Pero, ¿y si no puedo mantener un estilo de vida como ese? He viajado más a los 23 años de lo que muchas personas pueden hacer en toda su vida. Soy muy afortunado y lo sé. He llegado hasta aquí sin echar raíces permanentes, pero tengo un miedo mortal de que una vez que termine este período de mi vida, pasaré el próximo medio siglo anhelando constantemente.

Pero la idea de que tendré la vida cotidiana todos los días de mi vida me aterroriza.

Una vez que tienes una vida de viajes, es difícil volver atrás. Y una vez que haya obtenido este estilo de vida, en gran parte se convierte en una cuestión de "perseguir al dragón" para superarlo. He hecho puenting desde la Torre de Macao, el salto más alto del mundo. ¿A dónde voy desde ahí? Solo hay paracaidismo. He hecho yoga en la cima de una montaña desierta en la isla Lamma en Hong Kong. De alguna manera, el piso de mi sala de estar simplemente no lo corta ahora. Estuve en Berlín para el vigésimo aniversario de la caída del Muro. Difícilmente puedo imaginarme ningún otro aniversario eclipsando las emociones que vi y sentí esa noche. He comido innumerables entradas no identificables en Japón (y algunas que se identificaron que desearía no haber sido). ¿Ese nuevo restaurante de sushi que abrió en mi vecindario en las afueras de Pittsburgh? Prefiero pasar que decepcionarme.

No es que ninguna de estas cosas sea mala. Lejos de eso, de hecho. Son reconfortantes, familiares y forman parte de la vida cotidiana que me ha dado forma. Si mi experiencia de viaje ha proporcionado picos montañosos en mi vida, mi vida cotidiana me ha dado las constantes mesetas para apreciar aún más esas montañas.

Pero la idea de que tendré la vida cotidiana todos los días de mi vida me aterroriza. Quiero atardeceres en India y amaneceres en Perú. Quiero tormentas de nieve en Finlandia y olas de calor en Sudáfrica. Quiero pappardelle en Toscana y pan de anis en Perú. No quiero alcanzar el estado de "viajero veterano" a los 30 años aproximadamente; Lo quiero a los 70.

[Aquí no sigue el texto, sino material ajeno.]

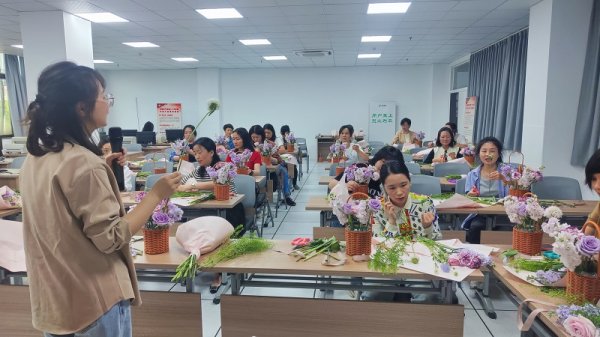 學員們說:“原本以為插花只是簡單地將花枝插入花泥,但實際操作中才發現,每一枝花的姿態、每一片葉子的點綴,都需要用心去觀察和調整。”在老師的指導下,每一位學員逐漸放慢節奏,學著感受花材的自然之美,用雙手去塑造屬于自己的一方花藝小天地。“當作品完成時,看著自己親手創作的花藝,心中有一股成就感。”學員說。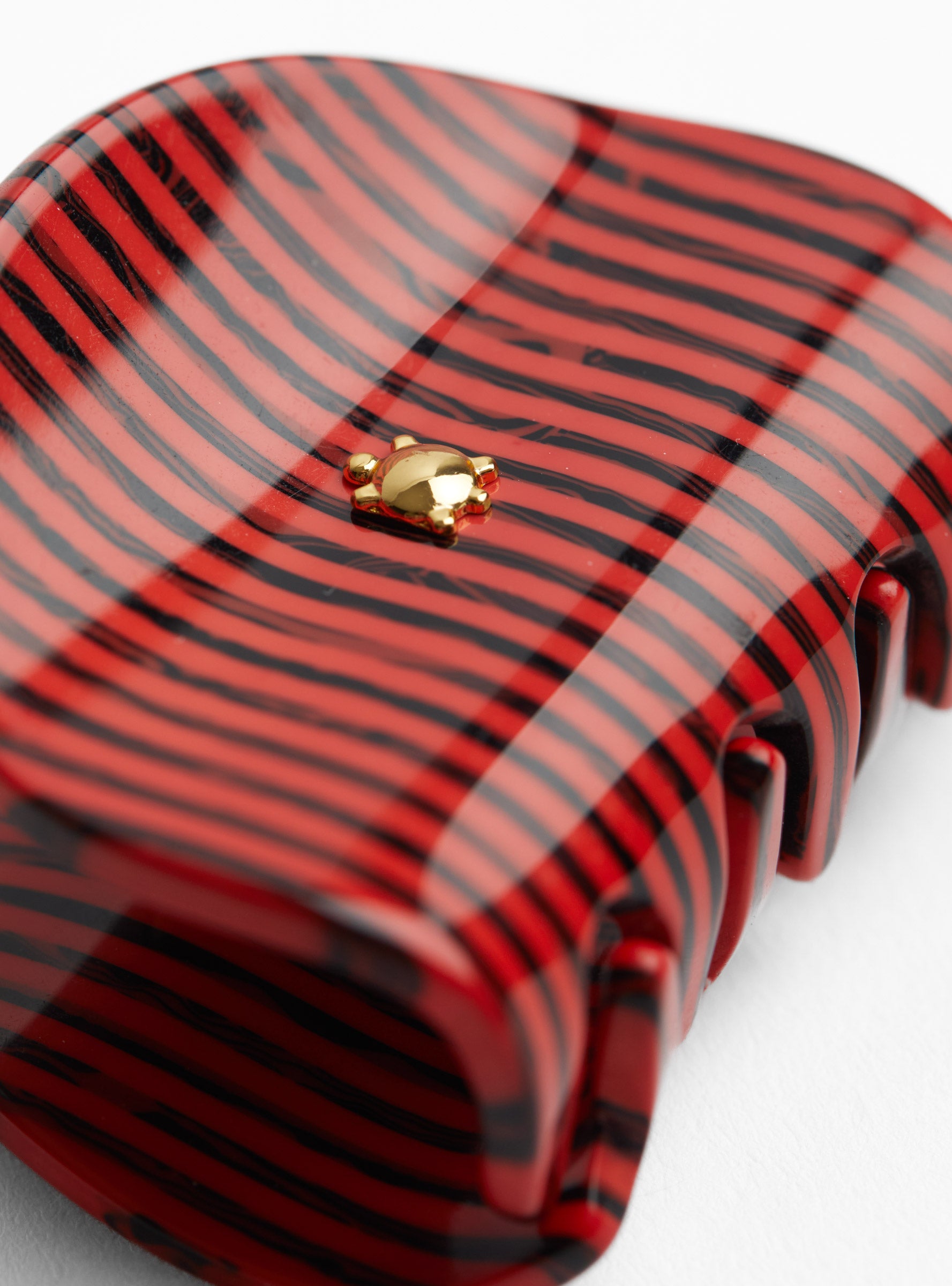 The Adorable Claw Clip Pencil Stripes Red from Turtle Story comes in a stripe pattern and is handmade from Italian cellulose acetate. The small rounded clip features a hand inserted Turtle Story logo and a polished finish.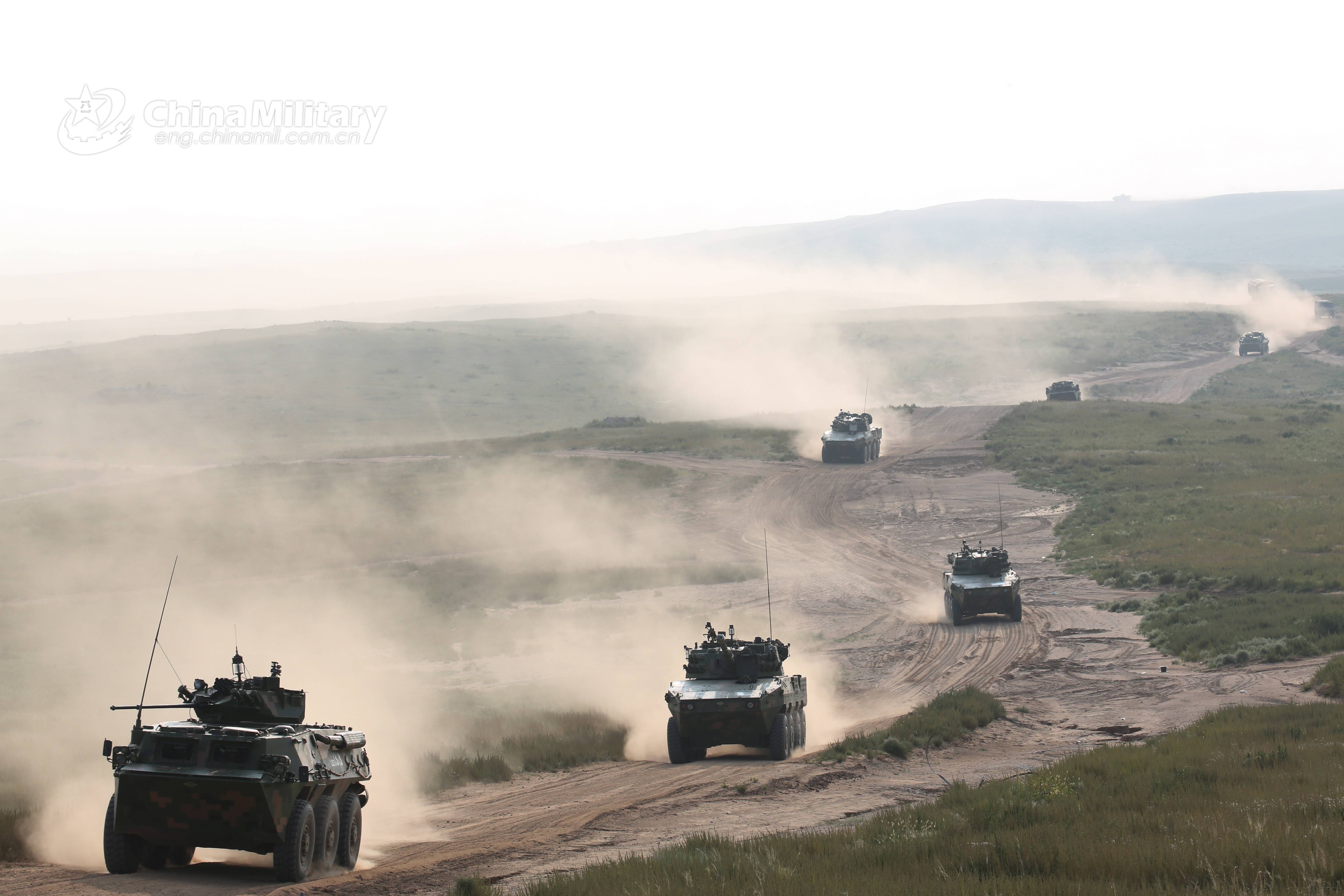 A group of armored vehicles attached to a combined arms brigade under the PLA 81st Group Army maneuver on dirt roads in speed to a designated training base for a tactical test on August 12, 2021. (eng.chinamil.com.cn/Photo by Xue Wei)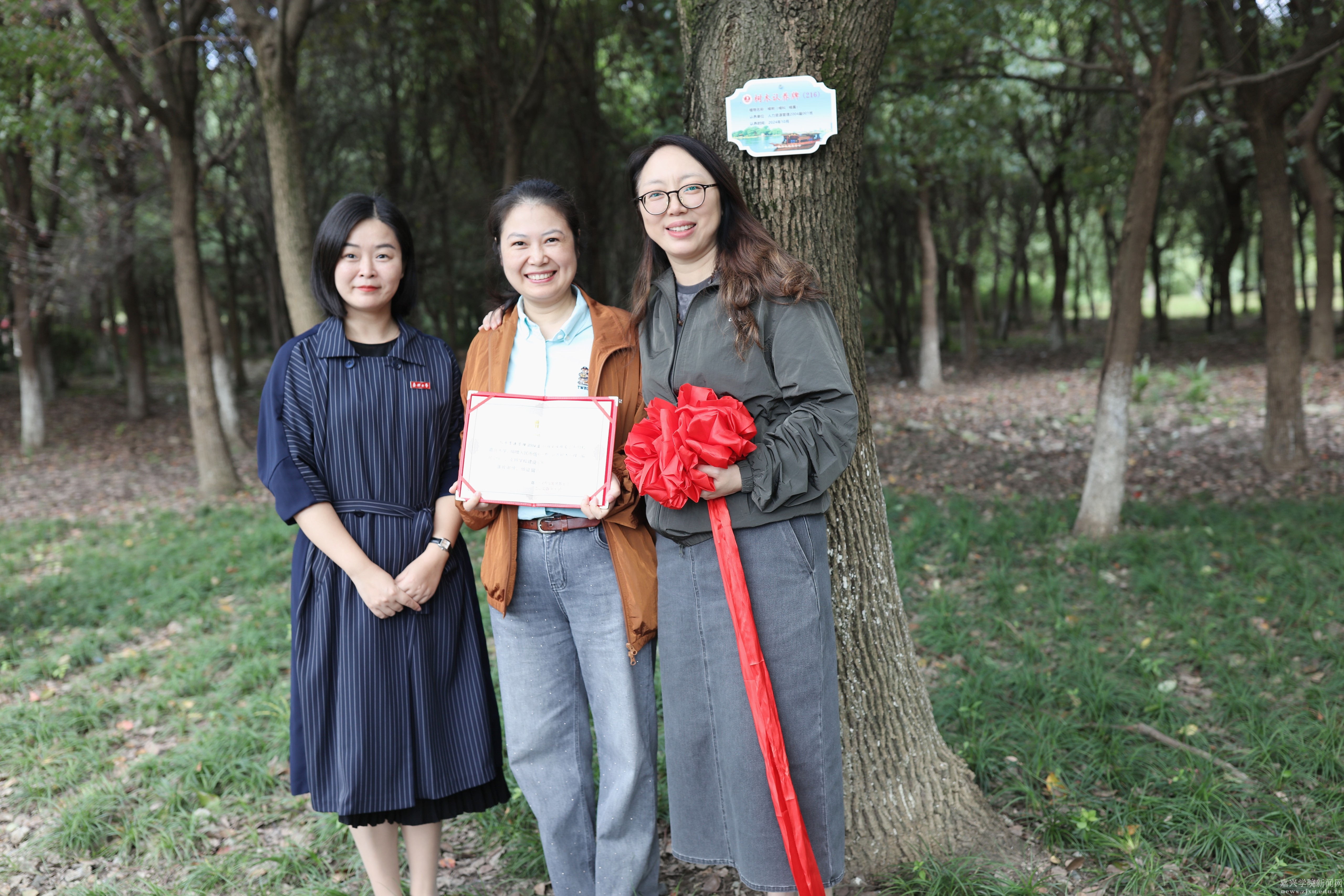 仪式上,潘欣代表学院与校友代表们一起为校友树揭牌并分别为校友代表颁发捐赠证书。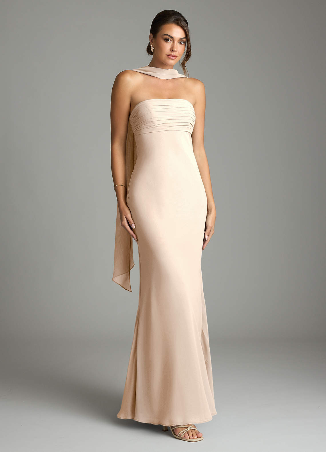 Vestido de Alabastro Blanco de Gasa de Corte Sirena con Sin tirantes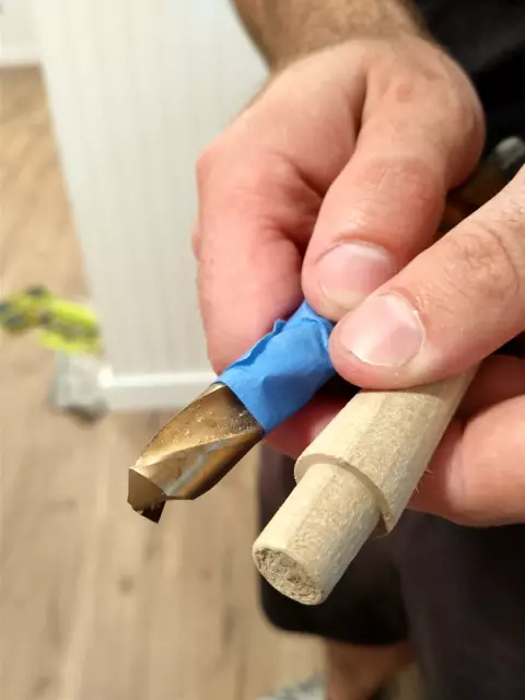 6) Measure according for even placement of shaker pegs, drill hole and glue in place.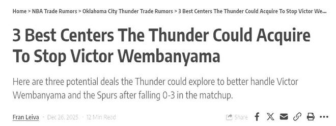 输掉比赛后,俄克拉荷马市当地媒体发文表示,马刺、森林狼已经给我们的卫冕之路敲响警钟,本赛季我们并非无人可挡,在西部除了马刺、森林狼外,雷霆还有掘金、火箭两个强大的对手,所以,我们不能拽着手中的首轮签紧紧不放,在交易截止日前,我们也该防守一博了,内线的补强,已经是刻不容缓的存在,他们列出了3个内线补强人选,其中祖巴茨排在第一个。美媒露天看台也表示,雷霆、快船有望在交易节日前完成一笔重磅交易,最终引进快船的祖巴茨,完成内线的升级。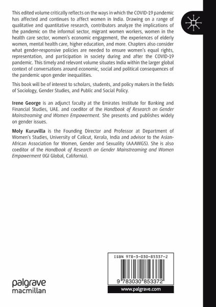 1: Gender dimensions of COVID 19: An overview.- 2: Pandemic crisis and economic engagement of women: A historical enquiry on implications of catastrophes on female economic participation.- 3: Economic challenges for women in post COVID India.- 4: Stay home, stay unproductive: Self -employed and home-based women entrepreneurs during COVID 19.- 5: The plight of migrant women workers: Looking at 'ghar wapsi' through a gender lens.- 6: COVID-19 and the challenges of Anganwadi and ASHA workers with special reference to Maharashtra.- 7: COVID-19- Gendered experiences of frontline health workers in Kerala.- 8: Existing reproductive rights and health framework for Indian women: Prevalent disharmony due to perinatal depression and its exacerbation due to Covid-19.- 9: Gender dimensions of mental health during COVID-19 in Assam.- 10: Quality of life of elderly women during the pandemic-COVID-19.- 11: Gender, the pandemic and education policies: Higher education at the cross roads.- 12: Challenges during and due to COVID-19 pandemic in the lives of transgender persons in Kerala.- 13: Undesirable citizens: Stigma and struggles of sex workers during the COVID-19 pandemic.- 14: Cyber crimes against Indian women: Before and during Covid-19.- 15: Gender equality in the criminal justice system of India: the state of Kerala during Covid-19.- 16: Conclusion.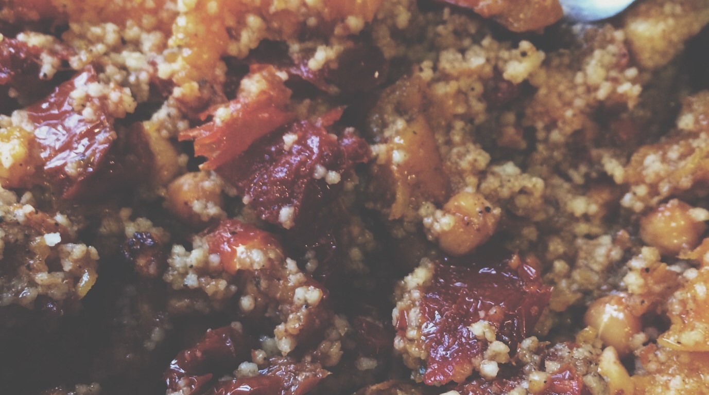 Shopping list: 1 butternut squash, 400g tin of chickpeas, 250g jar of sun-dried tomatoes, 100g rocket, paprika, mixed herbs, chilli powder, balsamic vinegar, couscous (or any other grain).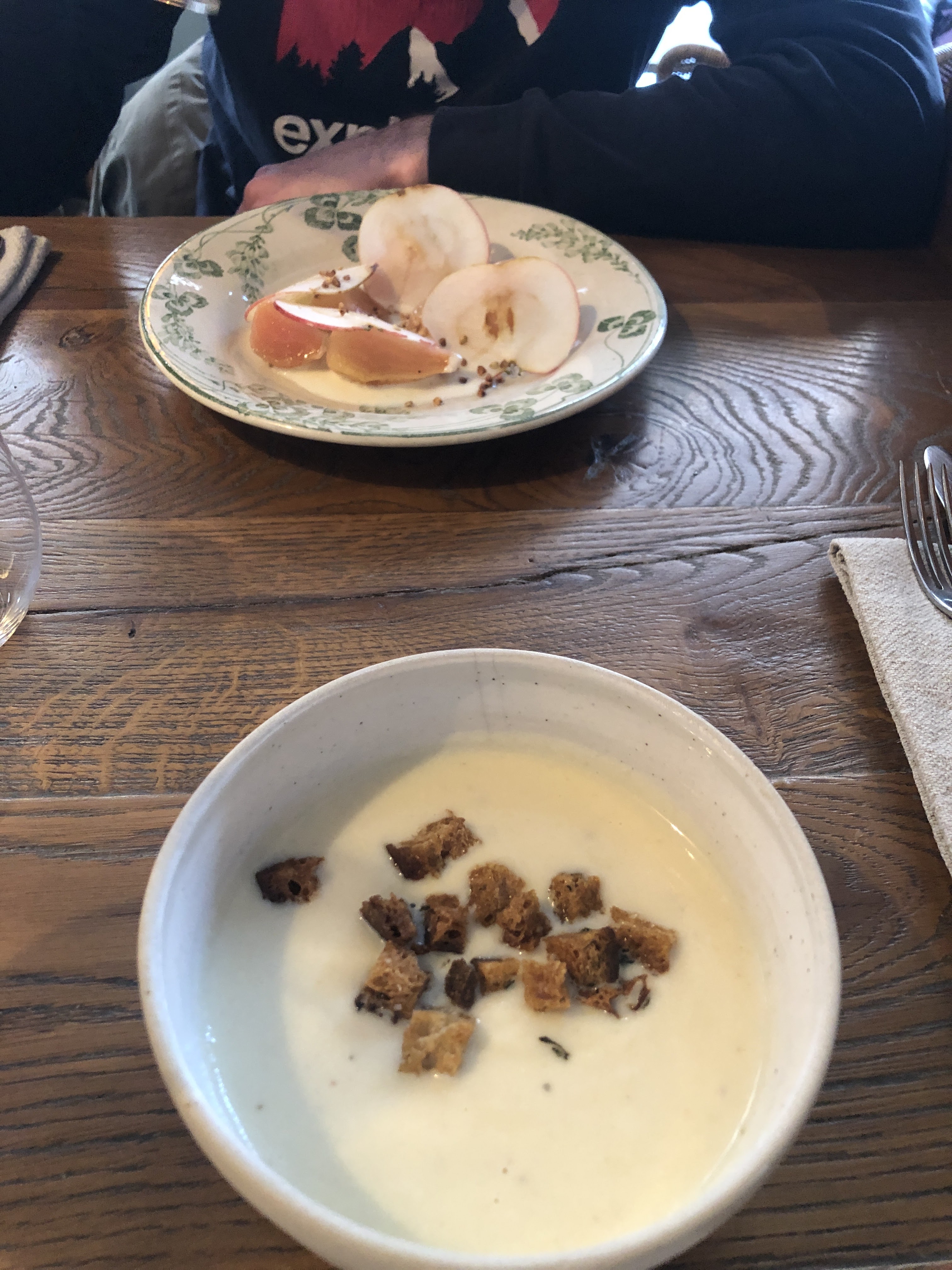 Nous nous sommes rendus dans ce restaurant avec beaucoup d'enthousiasme à la vue des commentaires. Le cadre est sympathique mais nous avions été installés à une table pour à côté de la porte d'entrée. Malgré le rideau, le froid glacial entrait sans cesse avec les allers/venues des autres clients et des groupes... Quand aux plats, l'entrée (soupe au choux pour ma part) était bonne mais très ordinaire, présentée dans un bol type cantine minuscule sans aucune décoration. Un plat un peu plus travaillé mais betterave trop présente à mon goût. Un dessert également très ordinaire (voir photo). En bref, l'idée est très bonne, les serveuses sont sympathiques et souriantes, la salle est joliment décorée. Par contre, qualité des plats très approximative... et des assiettes sans aucune présentation. Note de 80 euros à deux. (deux entrées, deux plat, un dessert à partager et deux verres de vin/personne). Dommage !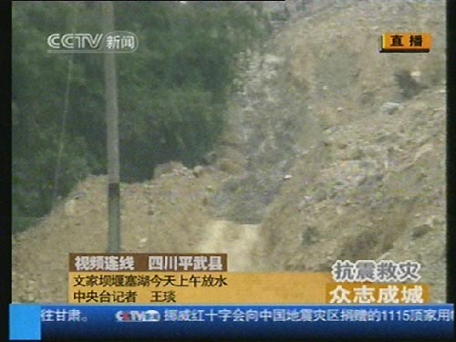 中新網5月27日電 今日上午10時30分許,四川地震災區平武縣文家壩堰塞湖放水泄洪。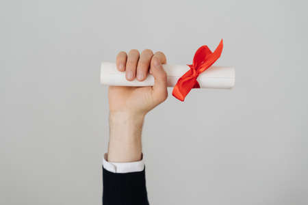Male hand hold graduation bachelor diploma with a red bow on white background

Viajar nos vuelve codiciosos, no de cosas, sino de experiencias. Somos coleccionistas; el problema es que no tenemos casos que llenar ni premios que ganar. No hay ningún punto en el que podamos proclamar: “¡Terminado! ¡He conseguido todo lo que puedo! " porque no hay una línea de meta.

Si mis días de viaje finalmente llegan a su fin, me preocupa que mi pasión por los viajes no lo haga. Es tremendamente difícil sobrevivir con uno sin tener el otro. Seré como esos atletas que siempre están contando sus días de gloria en la universidad o en la escuela secundaria. Pero en lugar de ese pase de touchdown ganador, estaré repitiendo sin cesar la historia de la vez que un francés al azar me besó bajo la Torre Eiffel porque le gustaba mi cabello (o eso deduje con mi horrible francés y su inglés roto) ... o la vez que me encontré al azar con Chris O'Dowd mientras caminaba por Regent Street en Londres ... o la vez que le di biberón a un cordero en el set de El Señor de los Anillos en Nueva Zelanda.

Si el pasado que dejas atrás consiste en un camino maravillosamente errático por todo el mundo, ¿cómo no estar plagado de nostalgia sin cesar?